With the joints and corners all taped and mudded, apply a small amount of compound over each nail or screw head and smooth the surface.
Let the compound dry overnight, or longer if necessary. Clean the tools and put the lid back on the bucket of mud.
Sand, Then Apply the Fill Coat
Lightly sand the dried compound to remove any ridges and bumps. (Wear a dust mask and eye protection while sanding.) Some professionals omit sanding entirely, simply using a wallboard knife to knock down raised areas of the dried compound. DIYers, though, are more likely to need a light sanding before applying the fill coat.
It is best to use a hand sanding block; do not use a power sander on drywall. A special drywall sanding block can be mounted with fine-grit drywall sandpaper, and it accepts a threaded pole to allow you to easily sand high up on walls without a ladder.
After sanding, wipe down the wallboard with a clean cloth to remove sanding dust, then use a 10- or 12-inch knife to spread another layer of compound over the joints, feathering the edges. With this application from a wide knife, the joint areas will now be raised up nearly flush with the faces of the wallboard panels, and the tape should now be hidden under the compound.
Once dry, give the surface another light sanding. Take care not to expose the tape. Over-sanding is a common DIY mistake.
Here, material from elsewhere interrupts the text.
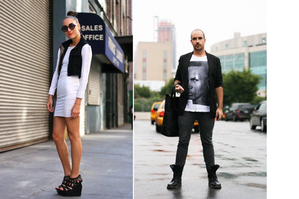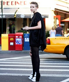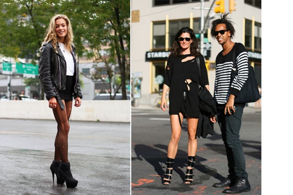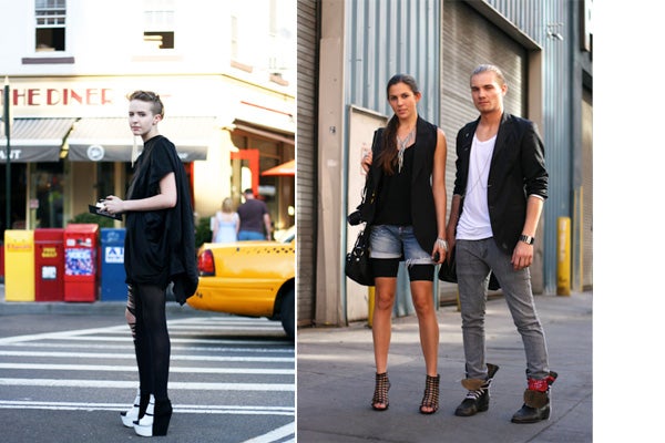 It might have been 80 degrees yesterday, but that didn't stop many show revelers from cloaking themselves in some serious attitude. Outside Rad Hourani and a few other shows, we managed to snap teems of tough, edgy attendees, keeping their cool with soaring black platforms, shredded ebony jeans, and a look that was right on the edge.

Drying time for taping compound will vary, depending mostly on humidity levels. You will know that the compound is dry when it all lightens to a uniform, white appearance. With heavy coats, this can require overnight drying, but with light coats in arid weather conditions, drying may take just an hour or so.
Apply the Finish Coat
If you’ve taken care when applying and sanding the first coats, the finish coat should require only a very light final application of mud to create a smooth surface. Use the widest drywall knife trowel you have to apply this coat. This knife should be at least 12 inches wide; pros may use even wider drywall knives.
Some pros add a little water to the mud before the final coat (but never more than the equivalent of one pint of water to a five-gallon bucket of mud). If you do this, make sure to mix the water in thoroughly.
This very light finish coat will likely be dry within an hour or two.
Finish-Sand the Wall
Let the finish coat of compound dry thoroughly, then lightly sand the dried compound. Avoid the temptation to over-sand, as it is easy to sand down into the tape. If the finish doesn't quite meet the smoothness test, don’t be afraid to apply another thin layer of mud.
Your drywall surface is now ready to accept paint, wallpaper, or a texturizing treatment. Wipe the surfaces clean of dust before painting or texturizing the wall or ceiling surfaces.
A "wet sander" is a textured sponge designed to smooth wallboard joints without dry sanding. Wet sanders are popular among DIYers, since they eliminate sanding dust. But with wet sanders, it can be quite hard to get perfectly smooth seams without waves and without dissolving and removing too much of the dried mud. Most people get better results by dry sanding, which is relatively easy once you learn the technique of proper mud application.